Maybe. I think rationalism (well, when defined vs. empiricism) has two aspects:
1. The belief that you can use reason to get surprising new and certain truths, usually about existence (for example, claiming that God exists beyond a doubt via the ontological argument). In this sense, Frege is not very rationalist. However, there's a principle Frege accepts (called "Hume's principle" by Frege) that he uses to derive the existence of abstract objects from the logic of language use. This may count as type 1 rationalism.

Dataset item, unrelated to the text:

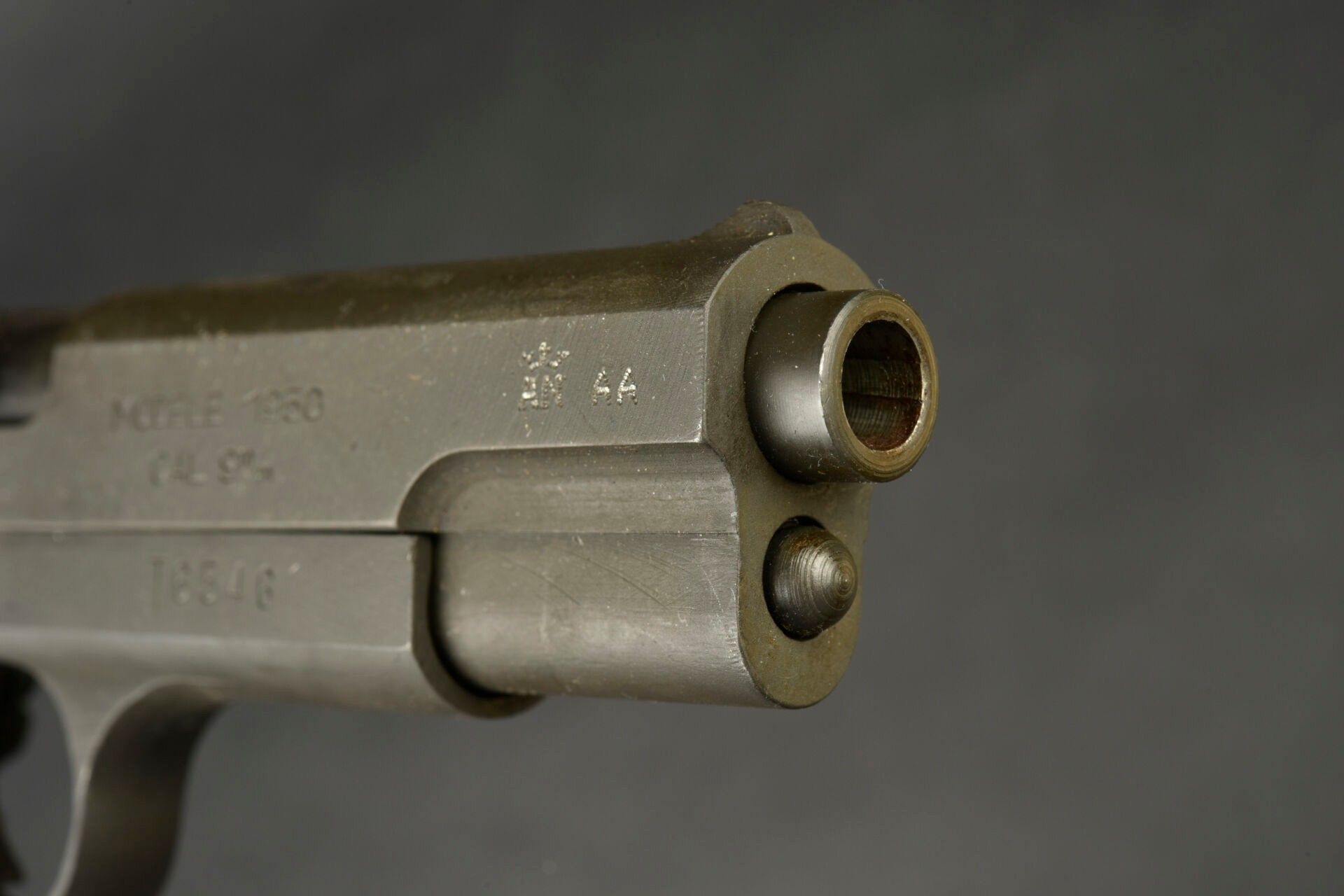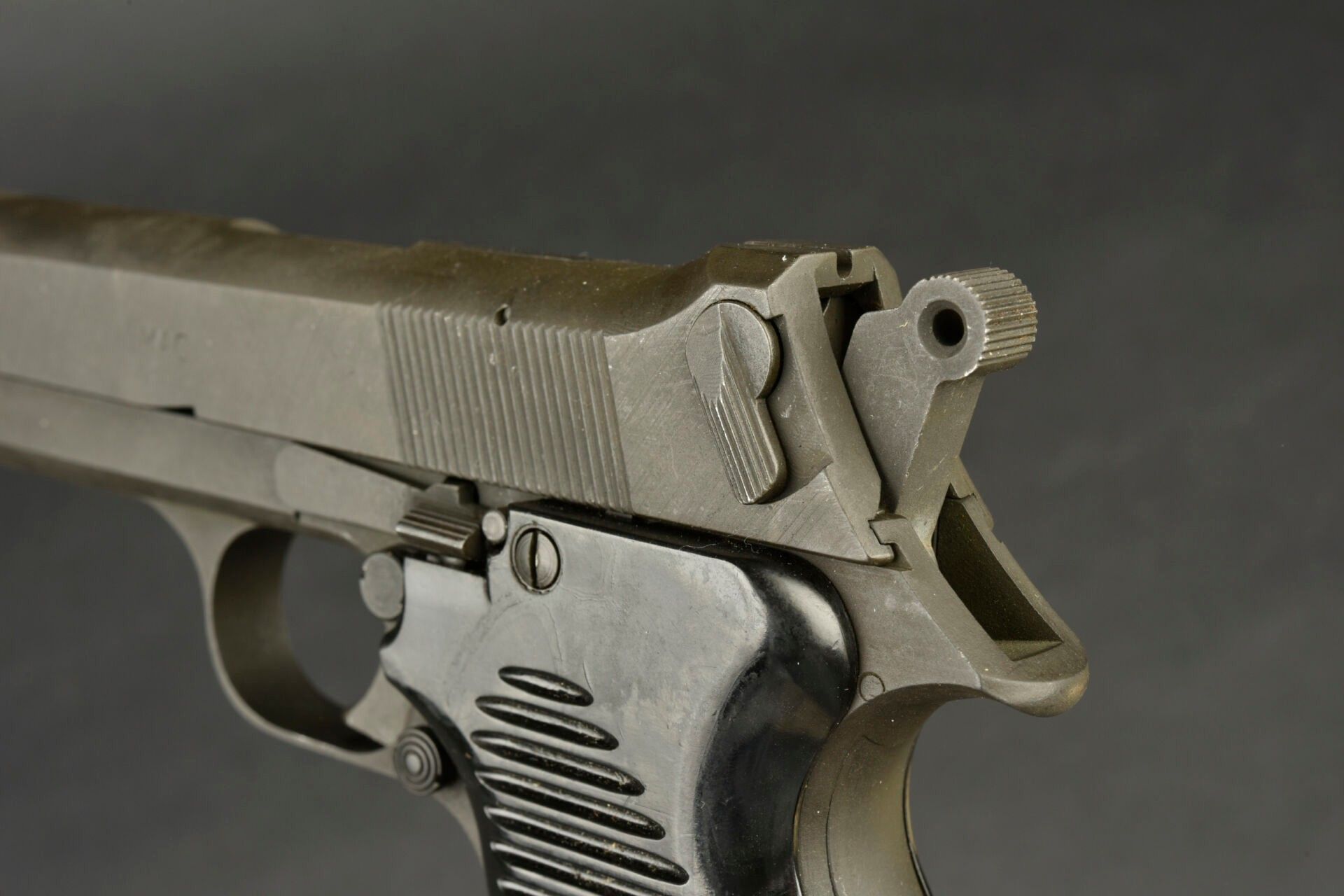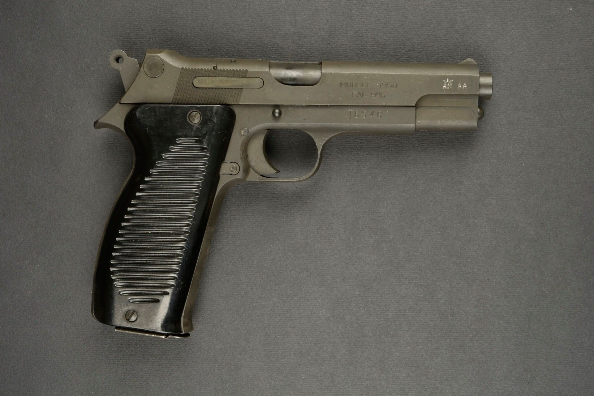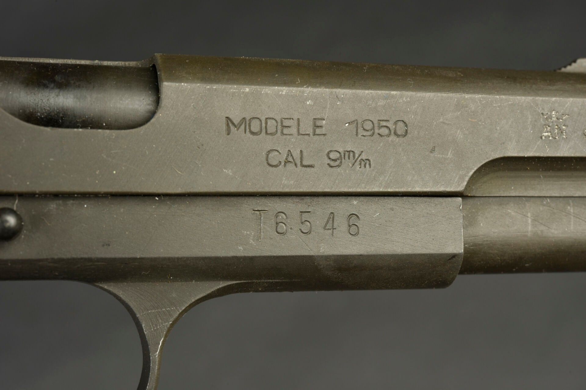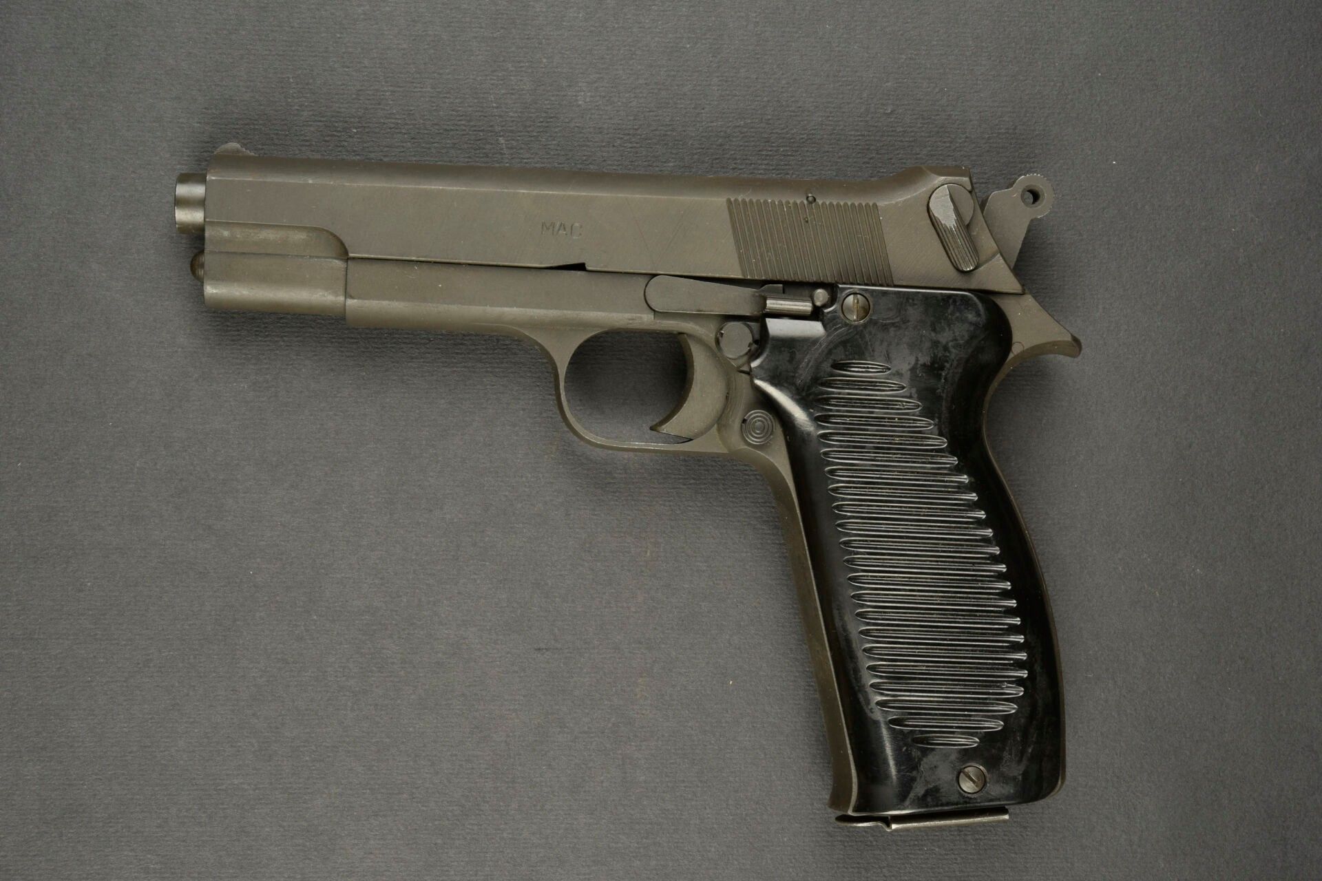 MAC 50 pistol. Manufactured by Manufacture d'Armes de Châtellerault. Number T6546. Black bakelite plate. Magazine and breech blocked by neutralisation. 90% original tanning. . Some wear and patina. Condition II+ Category C9. Firearms neutralised EU 2017. At the time of the purchase, the purchaser must present a valid identity document (CNI or passport) and according to the case, either an original medical certificate of less than 1 month + account SIA-holder, or a copy of both sides of the hunting licence accompanied by validation for the current year or year n-1 and the SIA-holder's account, or the sports shooting licence for the current year (licence + licence certificate downloaded from EDEN-ITAC + the sports shooter's SIA-holder's account). If the billing address is different from that shown on the identity document, proof of address less than 1 month old must be produced. The transaction will not take place until FINIADA has been consulted. The formalities and consultation of this file will be invoiced at €50 per weapon purchased (€25 inc. VAT for a professional buyer).

2. The belief that we have a priori grasp on some matters beyond what is given in sensation. This you could call rationalism too. In this sense Frege is very much a rationalist. For example, he believes in the existence abstract propositions, and he thinks we intuit them ("think" them).
>Regarding his foundation of mathematics in logic and his belief in the mathetical realm in wich its objects exist, is it plausible to consider Frege's philosophy as, in some way, neo-rationalist?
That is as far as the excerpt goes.